Summary population allele data can be modeled using a binomial mixture distribtion with homogeneous reference populations. Here we show an example of this using the gnomAD V2.1 African/African-American data set, and homogeneous African and European reference panels from 1000 Genomes.
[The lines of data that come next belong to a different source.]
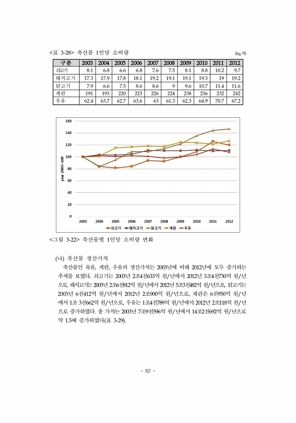 62 표 3-28 축산물 1인당 소비량 kg,개 구분 2003 2004 2005 2006 2007 2008 2009 2010 2011 2012 쇠고기 8.1 6.8 6.6 6.8 7.6 7.5 8.1 8.8 10.2 9.7 돼지고기 17.3 17.9 17.8 18.1 19.2 19.1 19.1 19.3 19 19.2 닭고기 7.9 6.6 7.5 8.6 8.6 9 9.6 10.7 11.4 11.6 계란 191 193 220 223 226 224 238 236 232 242 우유 62.4 63.7 62.7 63.6 63 61.3 62.3 64.9 70.7 67.2 그림 3-22 축산물별 1인당 소비량 변화 나 축산물 생산가치 축산물인 육류, 계란, 우유의 생산가치는 2003년에 비해 2012년에 모두 증가하는 ...
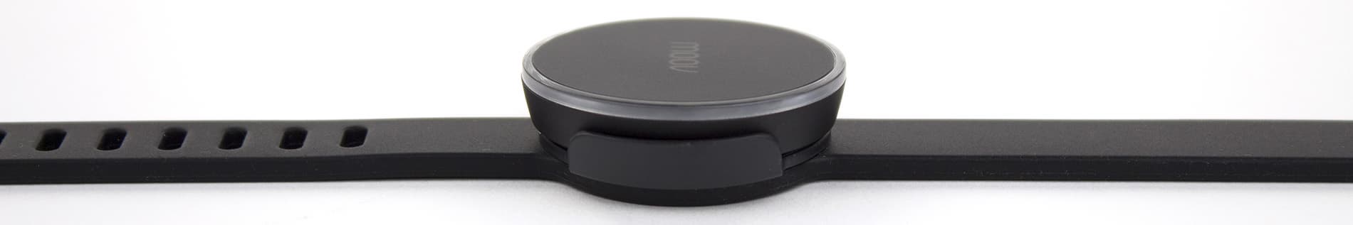 К крэдлу в браслете Moov крепится с помощью «лапок», обхватывающих его по бокам. Там нет никаких магнитов — просто при надавливании на Moov, помещенный в крэдл, «лапки», обхватывающие его, немного разъезжаются, и желобки на Moov совмещаются с выступами на внутренней стороне «лапок».
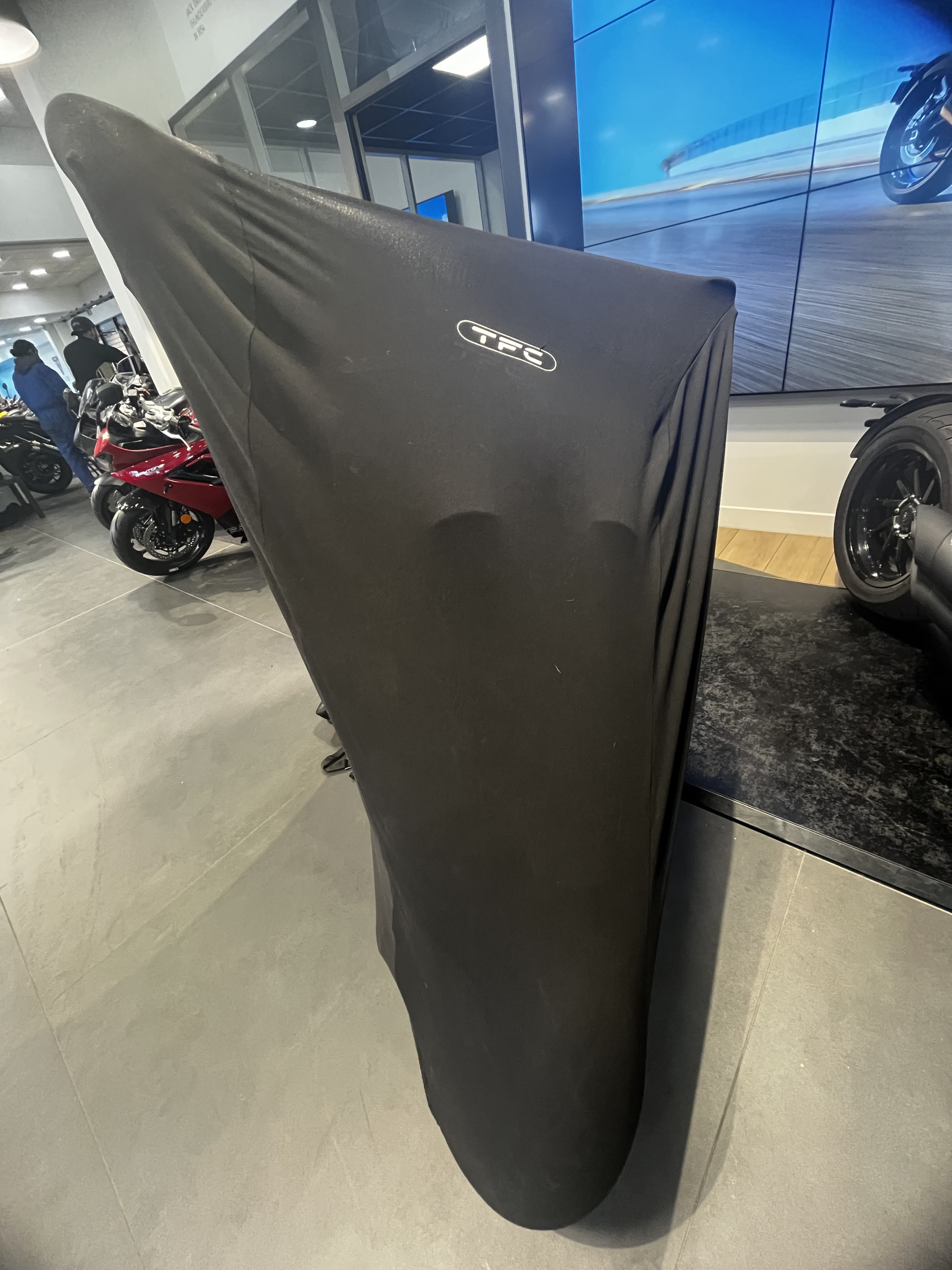 Moto équipé d'une alarme et d'un lèche roue carbone en accessoire.
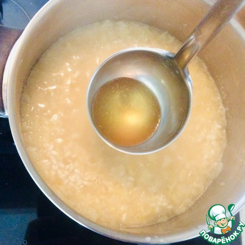 Перемешать и залить частью бульона (рис должен немного просвечивать)
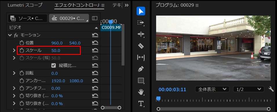 プログラムモニターサイズが100(等倍)にもかかわらず、「エフェクトコントロール」パネルの「スケール」が「50」になっていることを指していると思いますが、これは上記の「フレームに合わせる」項に記載の通りです。
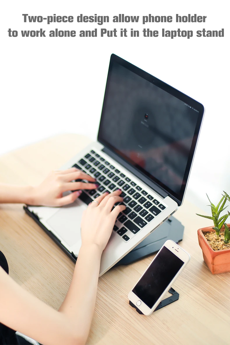 • Two-piece design allow phone holder to work alone and put it in the Laptop Cooling.
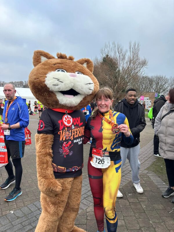 Rachel H headed to Southport to compete in the Maddog. The race organisers pick a theme for the race every year, in the past there has been Barbie, Star Wars, Back to the Future, to name just a few. This year was aDeadpool/Wolverine themed run (Dogpool/Wooferine).
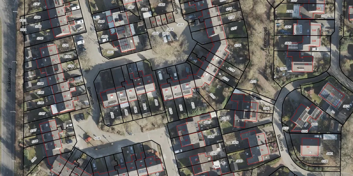 Het perceel waarop Binnenes 37 staat heeft een oppervlakte van 167 m². Dit is een middelgroot perceel. De perceeloppervlakte wordt geregistreerd door het Kadaster. Gedetailleerde informatie over de maten van dit perceel kunt u vinden in het rapport Kadastrale kaart met maatvoering van Binnenes 37.
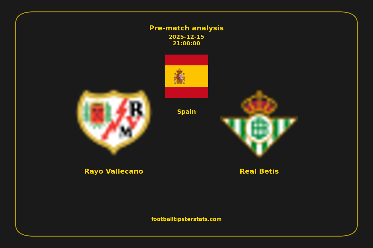 Analyzing the recent performance of Rayo Vallecano and Real Betis in Spain, we can derive insights that may inform future match predictions. By examining their individual game histories, head-to-head encounters, and overall trends, we can identify patterns that highlight strengths and weaknesses for both teams. This comprehensive review aims to provide a clearer understanding of their competitive dynamics and potential outcomes in upcoming fixtures.This pre-match analysis covers the upcoming fixture between Rayo Vallecano and Real Betis. Below you’ll find a detailed breakdown of both teams’ recent form, goal statistics, and head-to-head performance. These insights provide a clear picture of current momentum and can be valuable for match forecasting, tactical evaluation, or betting analysis. Please note that these suggestions are based on historical data and trends. While they provide valuable insights, actual match outcomes can be influenced by various unpredictable factors. Always consider multiple aspects before making any decisions based on these analyses.
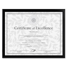 Certificate frame features a U-Channel construction for simple use. Plastic frame comes apart easily and reassembles for quick and easy framing of important awards. Use for desktop or wall display. Included hangers for walls allow vertical and horizontal display. Certificate frame also includes a styrene face and usable certificate.
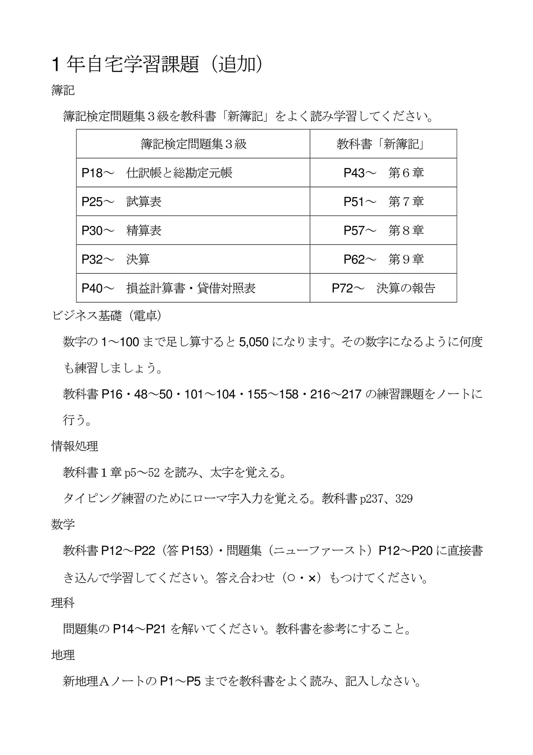 2020.04.20 1年自宅学習課題追加分(PDF :221KB)
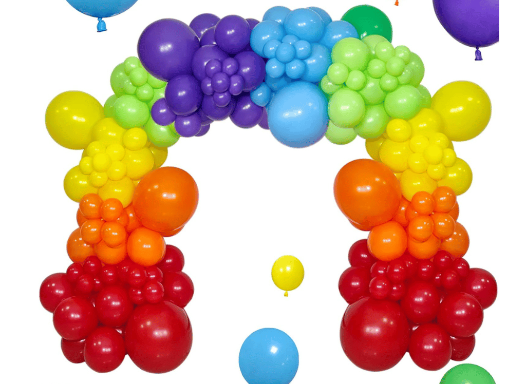 Paint your party in vibrant hues with our Rainbow Balloon Arch Kit! This 111-piece set includes an assortment of red, orange, yellow, green, blue, and purple balloons in various sizes, complete with glue dots and ribbons. Create a jaw-dropping centerpiece that will make every moment picture-perfect.
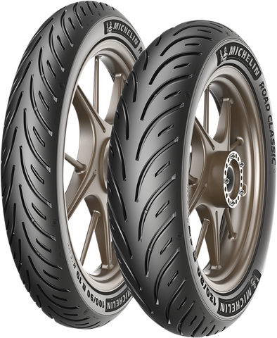 50% more wet grip than the previous generation - A compound mix incorporating Silica Rain Technology (SRT), an innovation which combined with a 26% void ratio gives 50% more wet grip than the previous generation, Increased cornering and straight-line stability than the previous generation - Thanks to its bias ply technology and bias casing supported by two crown plies the Michelin® Road Classic tire provides 50% more stability when cornering and 40% more straight-line stability than the previous generation, Tubeless (TL), Blackwall, In-house subjective comparison of the Michelin® Road Classic and Michelin® Pilot® Activ tires at maximum vehicle speed conducted on 6/22/2020 at the Ladoux track (France) with front dimension 100/90B19 and rear dimension 130/80B17 on a Triumph® Bonneville T100. Actual on-road results may vary., In-house comparison of the average wet lap times of the Michelin® Road Classic (1'02.81 seconds) and Michelin® Pilot® Activ (1'07.50 seconds) tires conducted on 6/16/2020 at Fontange track (1,2km) in France with front dimension 100/90B19 and rear dimension 130/80B17 on a Triumph® Bonneville T100. Actual on-road results may vary.
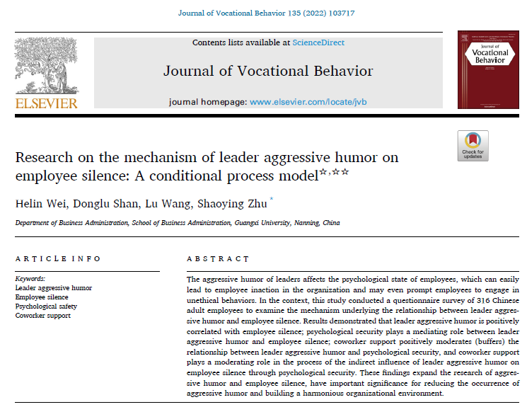 近日,万象城官网韦荷琳博士为第一作者、朱少英副教授为通讯作者、硕士生山冬鲁和本科生王璐为共同作者,在国际知名期刊《Journal of Vocational Behavior》发表学术论文“Research on the mechanism of leader aggressive humor on employee silence: A conditional process model”。
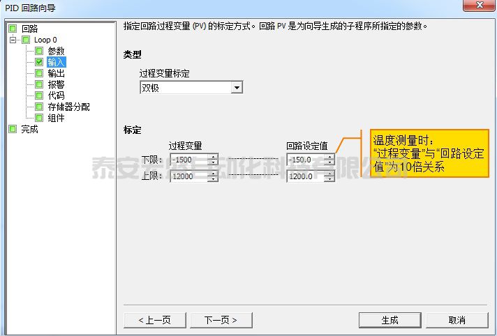 又如一個溫度控制的PID系統(tǒng),溫度值直接由熱電偶測量,輸入到熱電偶模塊轉(zhuǎn)換為溫度 值。熱電偶為J型,其測量范圍為 -150.0°C - 1200.0 °C。則可按如下設(shè)置給定的范圍。

We adopt the following model:
$$ P \left( n \vert N, \Theta \right) = \mbox{Binom} \left( n \bigg\vert N, \sum_{k=1}^{K} \pi_k \theta_k \right) $$ $$ \ell( \Theta ) = ln \mathcal{L} (\Theta \vert X) = \sum_{i=1}^S ln \left[ \mbox{Binom} \left( n \bigg\vert N, \sum_{k=1}^{K} \pi_k \theta_k \right) \right] $$where
S is the set of SNPs
K are ancestries
$\pi_k$ are ancestry proportions for k
$n_i$ is the Allele Count for that SNP
$N_i$ is the Allele Number for that SNP
$\theta_k$ is the Allele Frequency for that SNP
This leads to the above image which shows a maximation of the log likelihood at the following values:
AFR: 0.8277273 EUR: 0.1722727
These values are consistent with known admixture within the gnomAD sample, and are confirmed with other estimation methods (Summix, ADMIXTURE). There are several ways to maximize the log-likelihood including grid-search and Expecation-Maximization algorithms. The binomial distribution can also be inverted and solved using gradient descent methods, such as Sequential Quadratic Programming.